The neuropsychiatric side effects of the antimalarial drug mefloquine are well documented. They include anxiety, depression, hallucinations, acute psychosis, and seizures. The incidence of these side effects is 1 in 13,000 with prophylactic use and 1 in 250 with therapeutic use.

The first randomized, controlled trial on a mixed population was performed in 2001. Prophylaxis with mefloquine was compared to prophylaxis with atovaquone-proguanil. Roughly 67% of participants in the mefloquine arm reported greater than or equal to one adverse event, versus 71% in the atovaquone-proguanil arm. In the mefloquine arm, 5% of the users reported severe events requiring medical attention, versus 1.2% in the atovaquone-proguanil arm.

In August 2009, Roche stopped marketing Lariam in the United States.

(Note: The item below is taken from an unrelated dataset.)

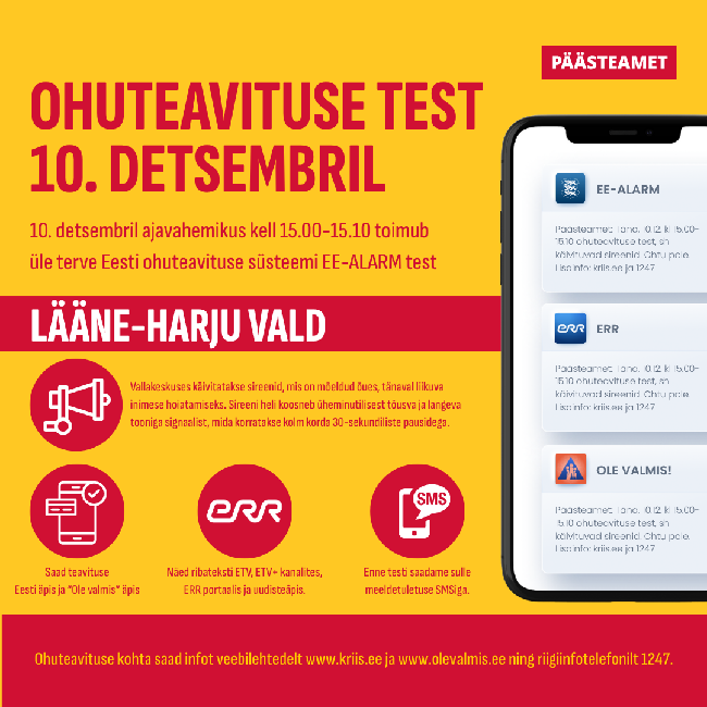 10. detsembril toimub üleriigiline ohuteavituse test RUS versioon ENG versioon Päästeamet testib kolmapäeval, 10. detsembril ohuteavituse süsteemi EE-ALARM....

Retired soldier Johnny Mercer, who was later appointed Minister for Veterans Affairs by Boris Johnson, told in 2015 that he had received "a letter about once or twice a week" about ill-effects from the drug. In July 2016, Roche took this brand off the market in Ireland.

===Military===

In 2006, the Australian military deemed mefloquine "a third-line drug" alternative. Between 2006 and 2011, only 25 soldiers had been prescribed the drug, and only in cases of their intolerance for other alternatives. Between 2001 and 2012, 16,000 Canadian soldiers sent to Afghanistan were given the drug as a preventative measure. In 2013, the US Army banned mefloquine from use by its special forces such as the Green Berets. In autumn 2016, the UK military followed their Australian peers after a parliamentary inquiry into the matter revealed that it can cause permanent side effects and brain damage.

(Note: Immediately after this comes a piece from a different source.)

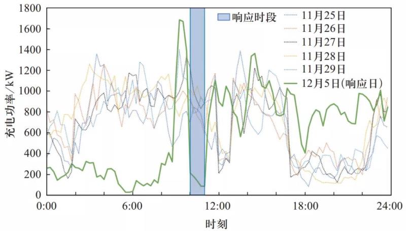 ? 圖1 專用充電樁削峰響應(yīng)與平日充電負(fù)荷對(duì)比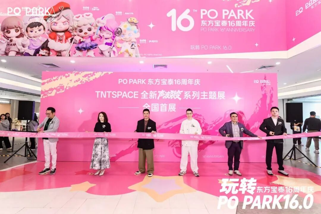 仪式在TNTSPACE超人气IP人偶Baby Zoraa、Boy Rayan、ANMOO的闪亮登场中正式拉开序幕。随后主礼嘉宾共同为“TNTSPACE全新声波裂变系列全国首展”剪彩,宣告展览正式启航。此举不仅标志着东方宝泰16周年庆系列活动进入全面爆发阶段,也预示着广州将迎来为期两个月的独家潮玩次元体验,为城市潮流文化地图注入全新活力。

In early December 2016, the German defence ministry removed mefloquine from the list of medications it would provide to its soldiers.

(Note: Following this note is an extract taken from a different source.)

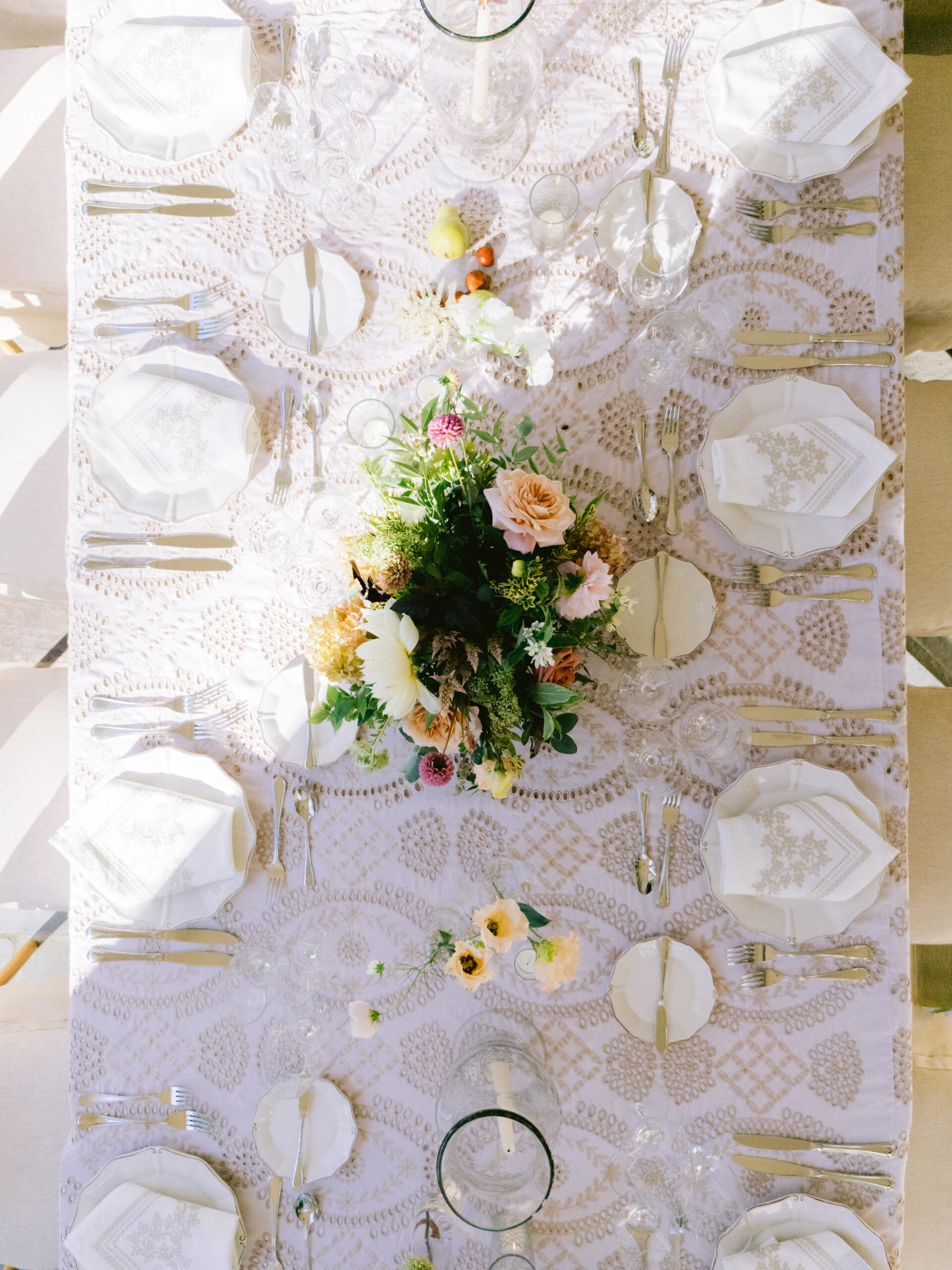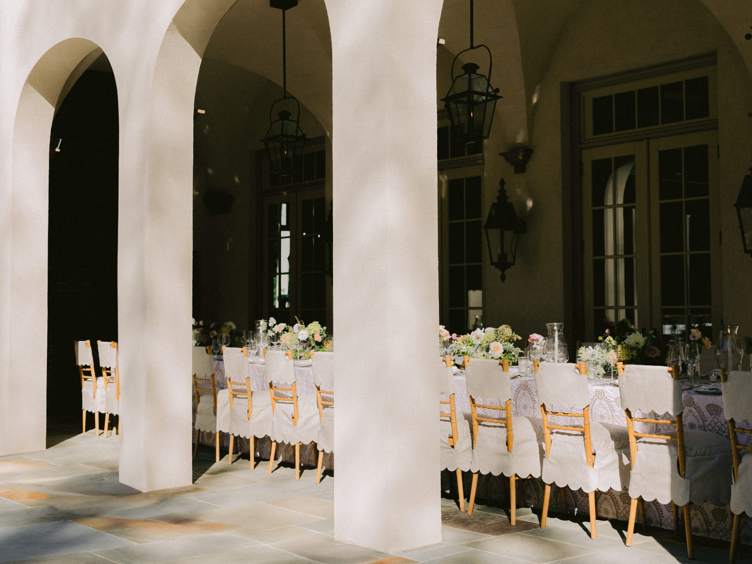 The reception continued the intimate feeling of the day. Long tables were styled with neutral linens and delicate florals. Place settings remained simple and elegant.

In autumn 2016, Canadian Surgeon General Brigadier General Hugh Colin MacKay told a parliamentary committee that faulty science supported the assertion that the drug has permanent noxious side effects. An expert from Health Canada named Barbara Raymond told the same committee that the evidence she had read failed to support the conclusion of permanent side effects. Canadian soldiers who took mefloquine when deployed overseas have claimed they have been left with ongoing mental health problems.

In 2020 the UK Ministry of Defence (MoD) admitted to a breach of duty regarding the use of Mefloquine, acknowledging numerous instances of failure to assess the risks and warn of potential side effects of the drug.

==Research==
In June 2010, the first case report appeared of a progressive multifocal leukoencephalopathy being successfully treated with mefloquine. Mefloquine can also act against the JC virus. Administration of mefloquine seemed to eliminate the virus from the patient's body and prevented further neurological deterioration.

Mefloquine alters cholinergic synaptic transmission through both postsynaptic and presynaptic actions. The postsynaptic action to inhibit acetylcholinesterase changes transmission across synapses in the brain.

==In popular culture==
The powerful side effects of Lariam are depicted in Ann Patchett's novel State of Wonder.